Lire aussi | El Hassan Abyaba sur MFM Radio: «Le Maroc a besoin de politique, pas de machines électorales»
La deuxième question porte sur l’introduction d’un mécanisme juridique dans le code pénal et relatif à l’incrimination de l’enrichissement illicite, prouvé et étayé par un accroissement injustifié du patrimoine, tout en préservant le principe de la présomption d’innocence. Là aussi, il y a lieu de rappeler l’opposition du gouvernement actuel dirigé par les « businessmen » à ce projet d’incrimination. Néanmoins, le parti de l’Istiqlal, bien que faisant parti de ce gouvernement, a récemment déclaré sa position favorable et son intention d’intégrer cette mesure anti-corruption dans son programme électoral.

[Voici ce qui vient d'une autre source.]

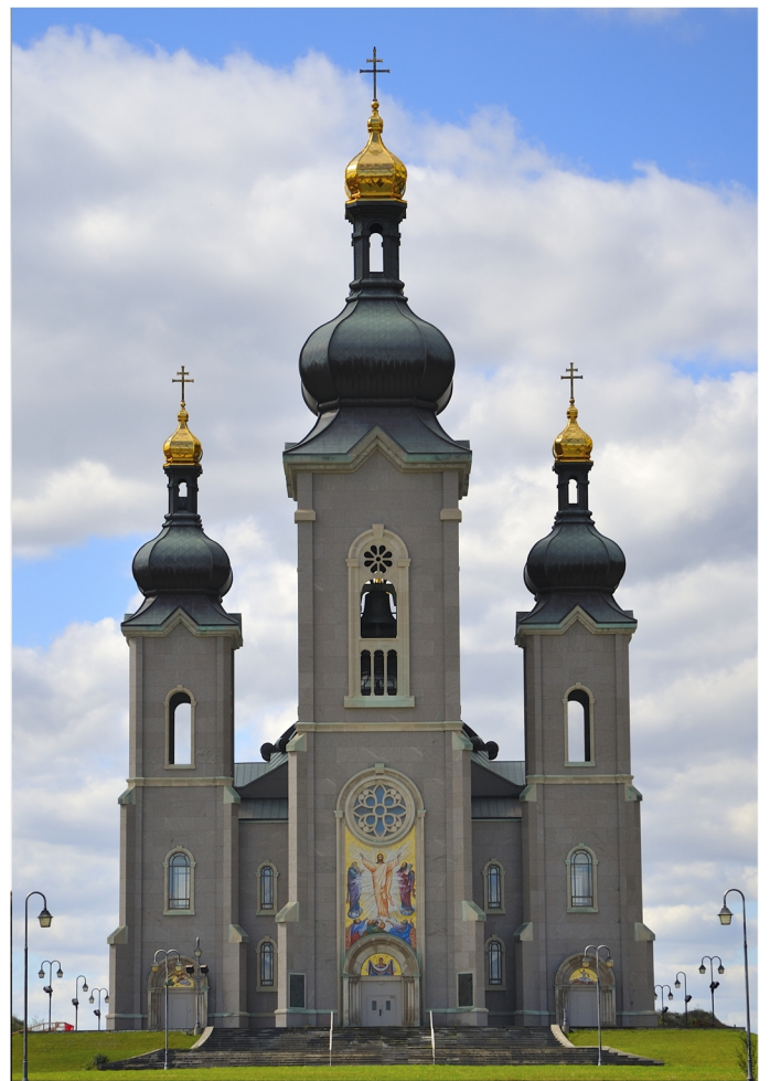
The Cathedral of the Transfiguration

Among its features is the world's largest three bell carillon, with the French made bells by the Fonderie Paccard, weighing 32,000 pounds, and 300 cm diameter. The mosaics are reputed to contain about 5 million pieces. The cathedral was built to hold 1,200 people. The central tower rises 63 meters (about 20 storeys) and is topped by a gold onion dome. The church was designed by Donald Buttress, a renowned British architect whose claim to fame is overhauling Westminster Abbey.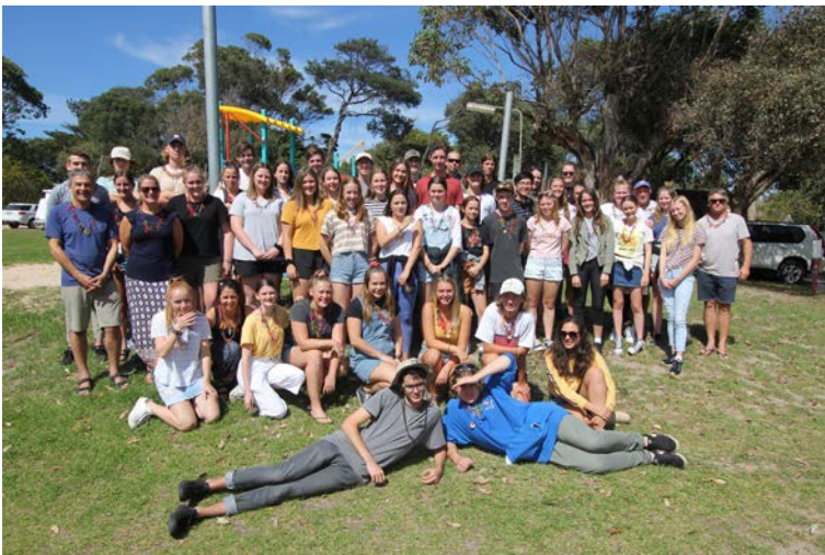
Above - The Tyers Year 12 Retreat group.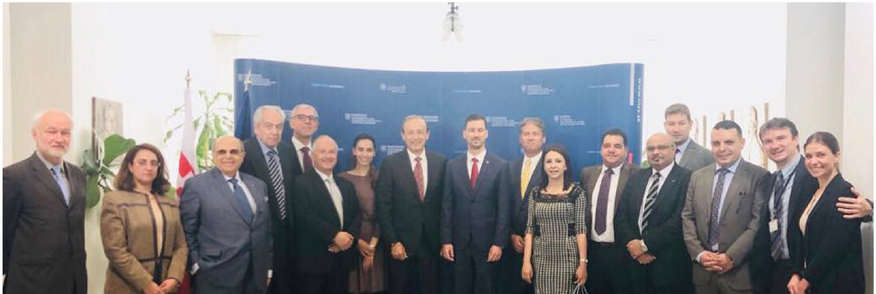
Egyptian Delegation at the Ministry of foreign affairs , Bratislava – Slovakia

This visit has received special attention and very good arrangements, as it was targeting two very important markets. It is also a continuation of our previous missions which achieved great success and opened channels of communication to develop Egypt's trade relations with various partners in Europe. This was achieved in coordination with the Egyptian Foreign Ministry and the two embassies in Warsaw & Bratislava, as well as the embassies of Slovakia and Poland in Egypt.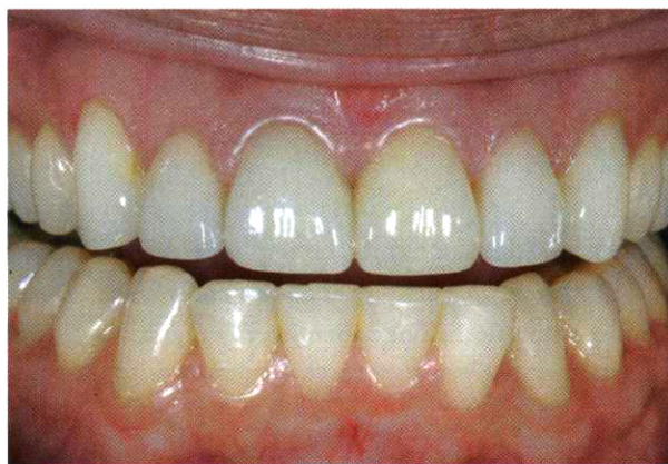
Figure 18 Postoperative retracted. Note incisal embrasures length and tissue health.

delaminations, or chipping was clinically appreciated. On periodontal recall, she was directed to bring her appliance, which displayed occlusal streaks and grooves (Figure 14).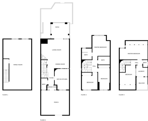
SIZES ARE APPROXIMATE, ACTUAL MAY VARY.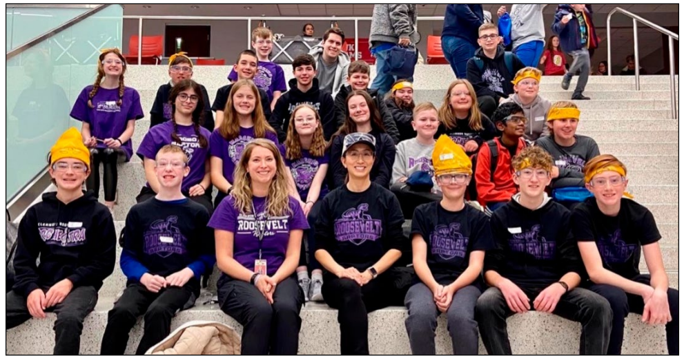
First meet in Iowa City 11/19/2022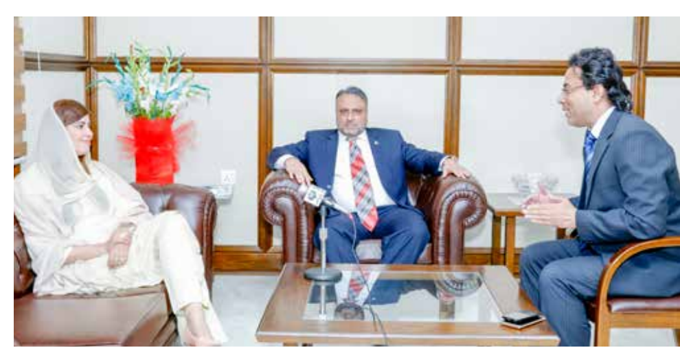
A view of panel discussion with Radio Pakistan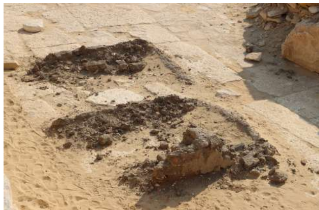
Figure 7: The small structure (see Figure 4) built right above stone slabs suffered badly in 2020.

At the bases of the walls: erosion in the form of “destructive furrows” exists in zones prone to runoff and / or water stagnation. These instances of erosion are very important where damp is retained by sand or powdery earth deposits on the surrounding ground. Wall (and floor) configurations on stone slabs are also very unfavourable (Fig. 7).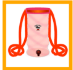
spiral wave shaped cooler

La troisième question de TM est relative au conflit d’intérêt qui est cruciale quant à la séparation entre le pouvoir économique et le pouvoir politique dont la confusion actuelle est l’une des principales caractéristiques consacrant la corruption dans sa dimension systémique. C’est même l’un des principaux obstacles à la mise en place de mécanismes institutionnels, opérationnels et effectifs, en matière de reddition des comptes, sans lesquels il n’est guère possible de restaurer/instaurer la confiance des citoyens dans les institutions officielles en place, à commencer par le Parlement et le Gouvernement issus des élections.
Lire aussi | Saloua Zerhouni : «Les jeunes prennent leurs distances avec le processus électoral»
A travers cette démarche, TM met les PP le dos au mur. En effet, cette ONG s’est engagée dans son communiqué de presse à publier les réponses (et l’absence de réponse) des PP destinataires des lettres envoyées et comprenant les trois questions citées. Et il ne s’agira pas seulement de « déclarations de bonnes intentions ». Ladite ONG s’engage aussi à mettre en place, après les élections, un mécanisme de veille et de suivi, dédié spécialement à l’observation des mesures anti-corruption prises éventuellement par le nouveau gouvernement et adoptées par le nouveau Parlement, avec une publication périodique de leur mise en œuvre en termes d’actions et de réalisations effectives (ou de l’absence d’actions/réalisations).